At a 1-month follow-up evaluation, prednisone was tapered to 37.5 mg/die. In the weeks following the decalage, the patient developed intense headaches and slowdown. The follow-up neurological examination resulted negative. A 3T brain MRI showed lateral ventricular dilatation, periventricular seepage, and contrast-enhancement of the ependyma at Monro, Luschka foramina, and cerebral aqueduct. The patient underwent ophthalmologist evaluation with evidence of bilateral papillary edema and enlargement of the dead spot. Again, he was readmitted, and in the first day of hospitalization, a generalized epileptic seizure was reported and treated with intravenous diazepam; a standard electroencephalography documented left frontal sporadic epileptic abnormalities (Figs. 1, 2). Prompt administration of a 5-day course of intravenous 1 g methylprednisolone, acetazolamide, and levetiracetam was followed by a rapid clinical recovery sparing neurosurgical intervention. After the acute phase, subsequent oral prednisolone 75 mg/day and methotrexate 15 mg/week were started. Following serial MRI controls of brain and spinal cord, with and without gadolinium, documented progressive reduction of the lateral ventricle dilatation and of the periventricular seepage; absence of contrast-enhancement at the foramina of Monro and Luschka and minimal residual contrast-enhancement at the cerebral aqueduct were documented. The nodular leptomeningeal, cranial nerves II and II, and cauda equina enhancement remained stable; the T2-FLAIR hyperintense brain lesions were less visible. New ophthalmologist evaluation documented bilateral papillary atrophy with mild enlargement of the blind spot; new standard electroencephalography revealed a quantitative and qualitative reduction of the epileptic abnormalities. Given radiological recovery and clinical stability, the patient was discharged.
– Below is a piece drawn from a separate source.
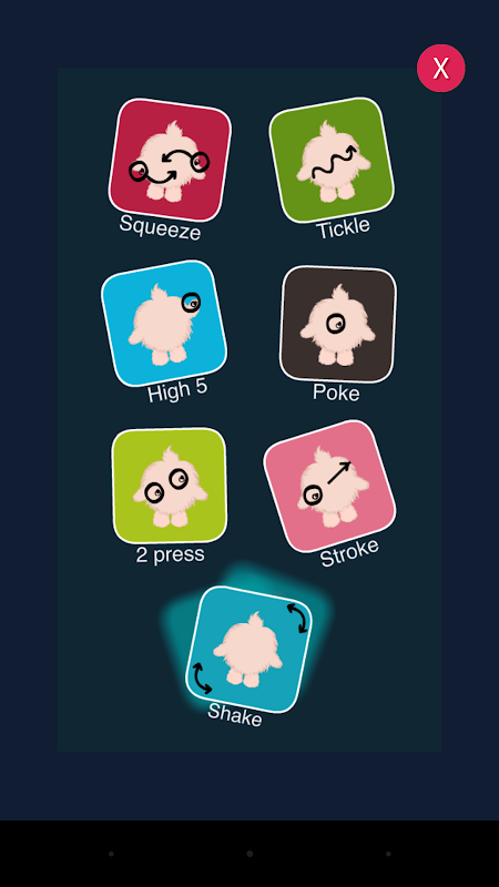 Fluffster is a little cute and fuzzy monster, but he gets sad very quickly and he needs your help. You can make Fluffster happy just by Tickling, pressing, poking, shaking, stroking or hi fiving him. However, taking care of Fluffy is not that easy, you need to manage all this action in a short period of time so try not to get it wrong so Fluffy does not get sad again.

Evidence of nodular contrast enhancement of the leptomeninges (a), optic nerves (b), white matter lesions (c), and cauda equina (d)
Main examinations performed after clinical worsening; brain MRI shows biventricular hydrocephalus and contrast enhancement of ependyma at the cerebral aqueduct (III and IV ventricles, a-c). Electroencephalogram shows intercritical epileptic discharges (d)
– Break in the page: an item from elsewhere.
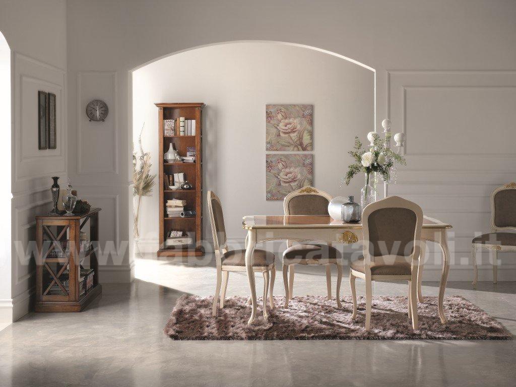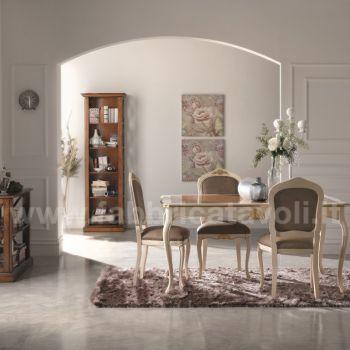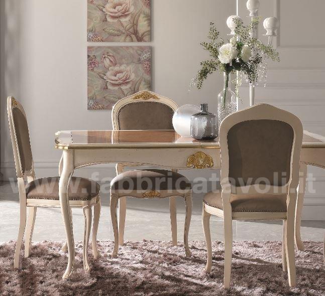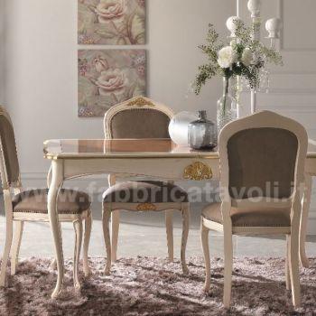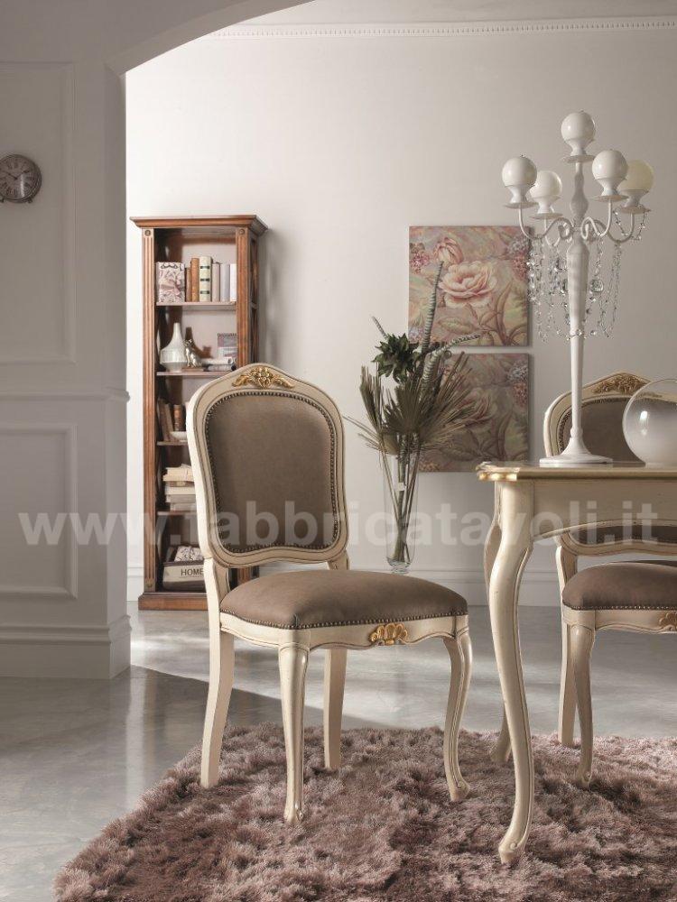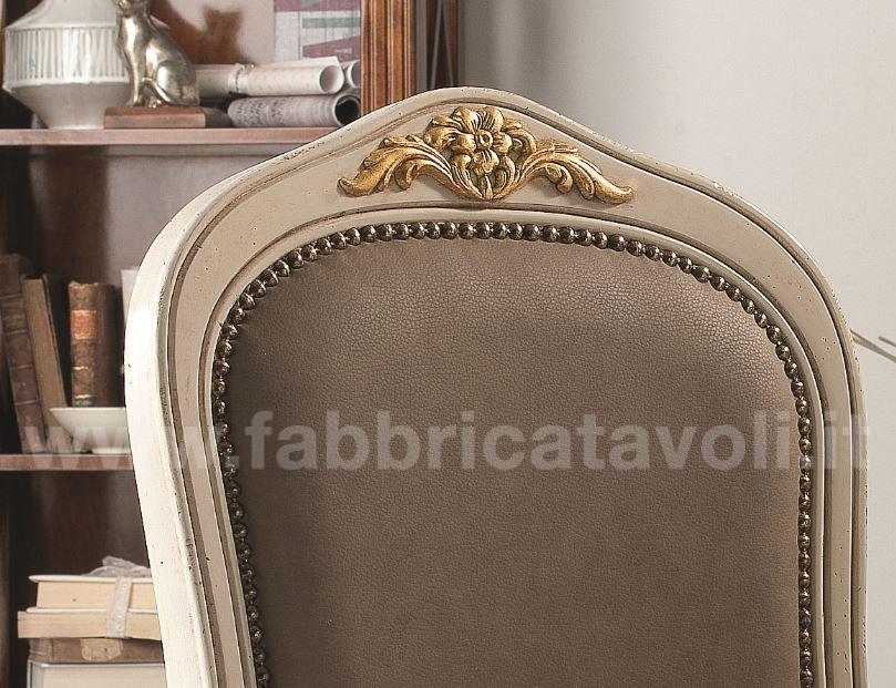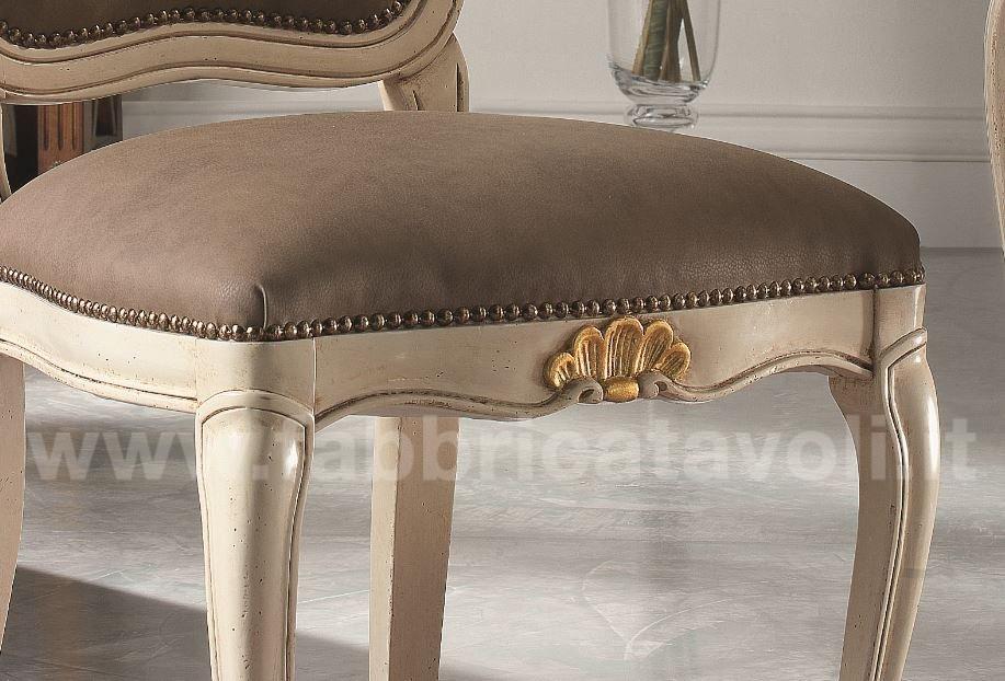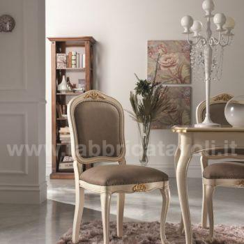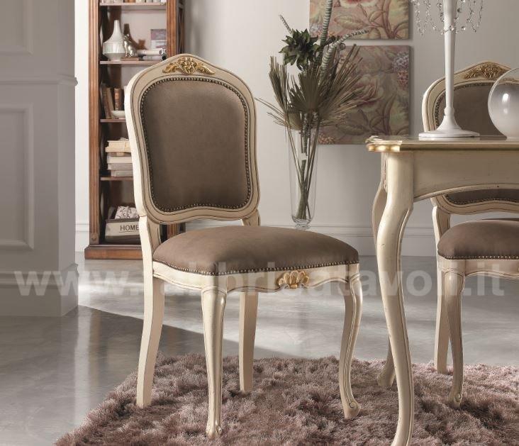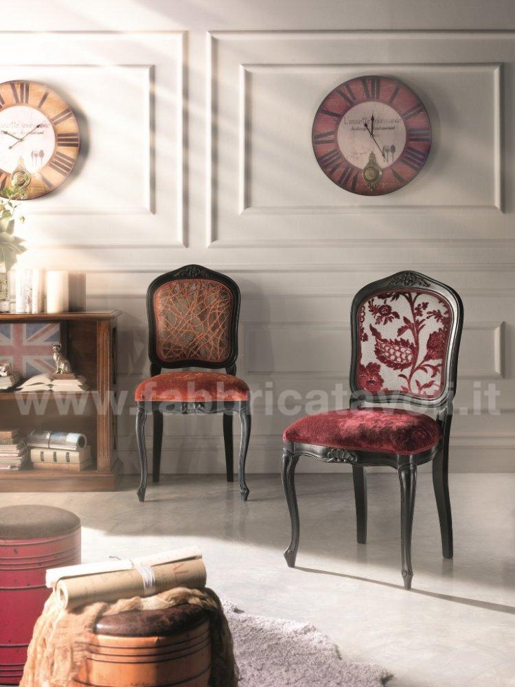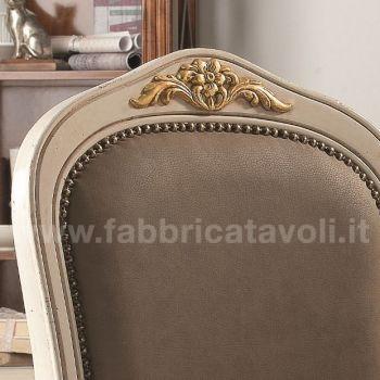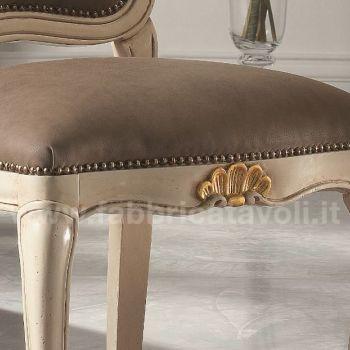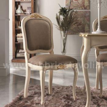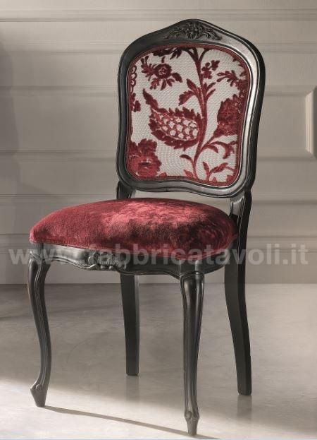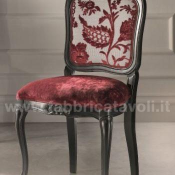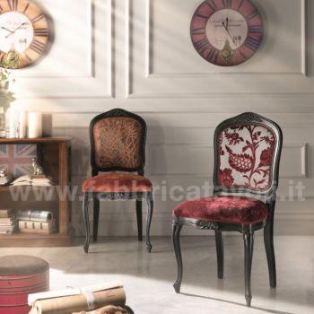 Sedia in faggio con seduta e schienale imbottiti e rivestiti in tessuto, nella parte alta dello schienale e la facciata anteriore sono arricchite da un intaglio eseguito a mano.

After 1 month, a new ophthalmological evaluation revealed reduction of the enlargement of the dead spot, and a new MRI of the brain and spinal cord, with and without gadolinium, documented a further reduction of the ventricular and cerebral aqueduct dilatation and of the periventricular seepage, as well as absence of contrast-enhancement at the cerebral aqueduct. At the neurological evaluation the patient resulted asymptomatic, and the neurological examination was negative for focal deficits. A progressive tapering of oral prednisolone was started to maintain only methotrexate as long-term immunosuppressive treatment. Accordingly, acetazolamide was progressively tapered and levetiracetam maintained. The medical treatment ensured prolonged clinical and radiological stability.
Discussion and conclusion
Hydrocephalus is reported in approximately one-tenth of patients with NS [12]. It is generally noncommunicating and caused by obstruction of the outflow from the fourth ventricle and/or the cerebral aqueduct due to the presence of sarcoidotic granulomas. The onset may be either acute or subacute, and the presenting symptoms are related to increased intracranial pressure. It represents a potentially fatal manifestation that requires a prompt initiation of treatment. In a recent literature review, it has been reported as a mortality rate of 22% [12], where multiple articles reported a sudden death. In another literature review, there was an even higher mortality of 75% in patients with NS who presented with seizures and hydrocephalus [13].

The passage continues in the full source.